Today, many of us who see our faith as emerging are profoundly eclectic or syncretic in our spirituality. We want a large-souled spirituality. And so, we may go to church on Sunday, but practice Buddhist meditation, do Tai Chi or Qi Gung during the week; attend a liturgical healing services, complete with anointing and laying on of hands, but also practice reiki healing touch as a way of praying with our hands; we may pray in Jesus’ name but also find wisdom in AfricanYoruba and Kemetic spirituality, Celtic pilgrimages, Taoism, and Native American prayer. We find Christ’s Creative Wisdom and discover the Breath of Life in all these paths. We call ourselves Christians but see faith as a process, a verb, a pathway, and not a settled place.
Years ago, a theologian used the term “designer religion” as a way of putting down the eclectic spiritual practices of 21st century seekers. In contrast, I believe that Christians are called to design their faith, just as those first followers of the Way of Jesus made it up as they went along. This is what it means to have a personal relationship to a personal and evolving God. As a progressive Christian, influenced by process theology, I feel comfortable practicing Quaker meditation, keeping company with Pentecostals, and joining in with an “Amen” or “Hallelujah” at a gospel service. I expect surprises and synchronous encounters, pray for healing, practice reiki, and read the bible every day.
Emerging spirituality is not about unmoved orthodoxy, but the life-giving quest to experience the many faces of God, trusting that just as Jesus addressed each person uniquely, God addresses us in unique and creative ways.

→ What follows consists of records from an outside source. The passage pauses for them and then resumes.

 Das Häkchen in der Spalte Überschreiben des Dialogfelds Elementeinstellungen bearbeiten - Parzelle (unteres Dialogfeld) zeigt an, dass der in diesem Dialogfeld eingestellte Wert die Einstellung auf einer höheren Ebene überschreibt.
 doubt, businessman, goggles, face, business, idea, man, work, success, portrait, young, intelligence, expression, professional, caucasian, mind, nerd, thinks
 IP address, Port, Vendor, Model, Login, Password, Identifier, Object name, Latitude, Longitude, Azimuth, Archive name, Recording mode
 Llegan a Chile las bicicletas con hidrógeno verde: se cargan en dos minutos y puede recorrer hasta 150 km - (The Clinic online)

But, more than that, God can be experienced right now in ways that bring healing and wholeness and inspire mission. Emerging spirituality calls us to heal the Christian faith so that we can be people on a mission, a mission to heal the earth, embodied in the person right beside you as well as in polar bears on ice floes.

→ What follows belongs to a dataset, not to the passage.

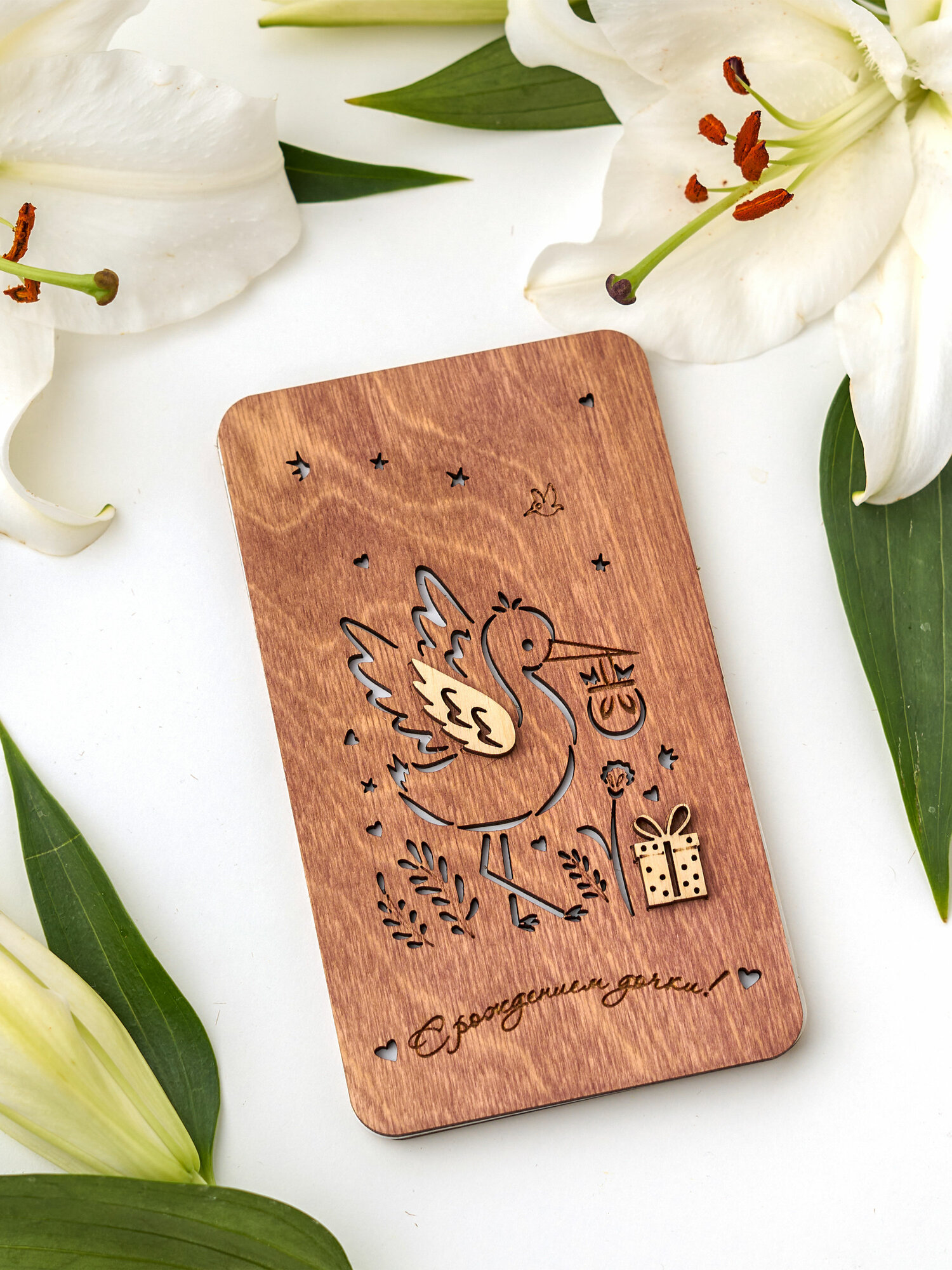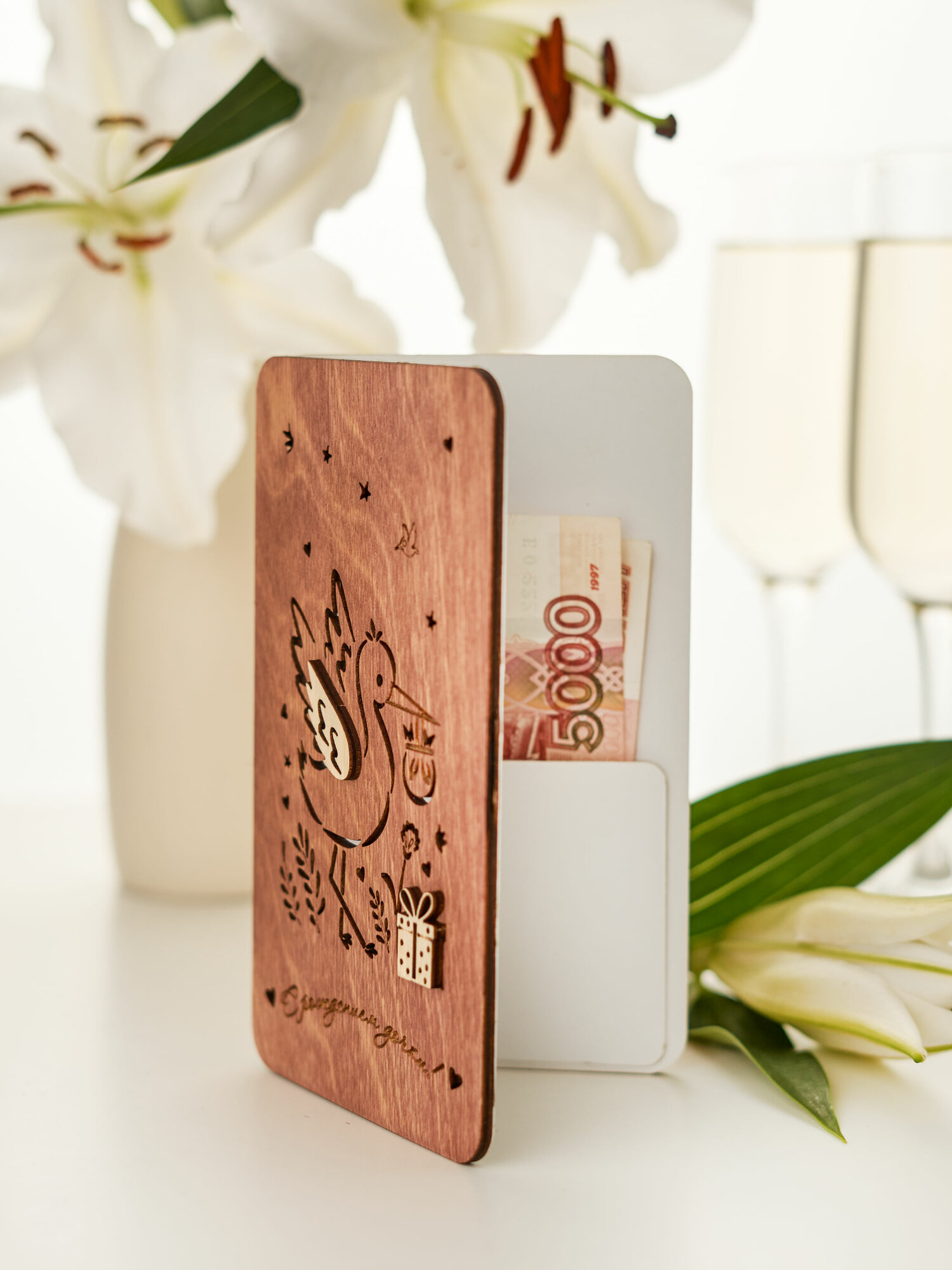 Конверт на рождение дочки "Аист" I Деревянная открытка для денег 510 ₽

Emerging spirituality believes that God calls us to be creative, to color outside the lines, to surprise ourselves and perhaps God by our adventurous actions. Unlike Rick Warren’s divine playwright, who chooses all the important events of our lives without our input, and demands that we read the lines without improvisation, the emerging God invites us to be creative partners in the world adventure. Emerging spirituality is about holy relationship with the good earth, with humankind in all its diversity, and with God, who is also making up as God goes along. The future is still open for a spirit-centered Christianity and for fragile emerging spiritual movements; and perhaps the future is open for God as well. Perhaps, God is calling us to become part of God’s own adventure, asking us to be partners in healing the earth and bringing beauty to one another. After all, who knows what will emerge in this lively and creative adventure of the Spirit?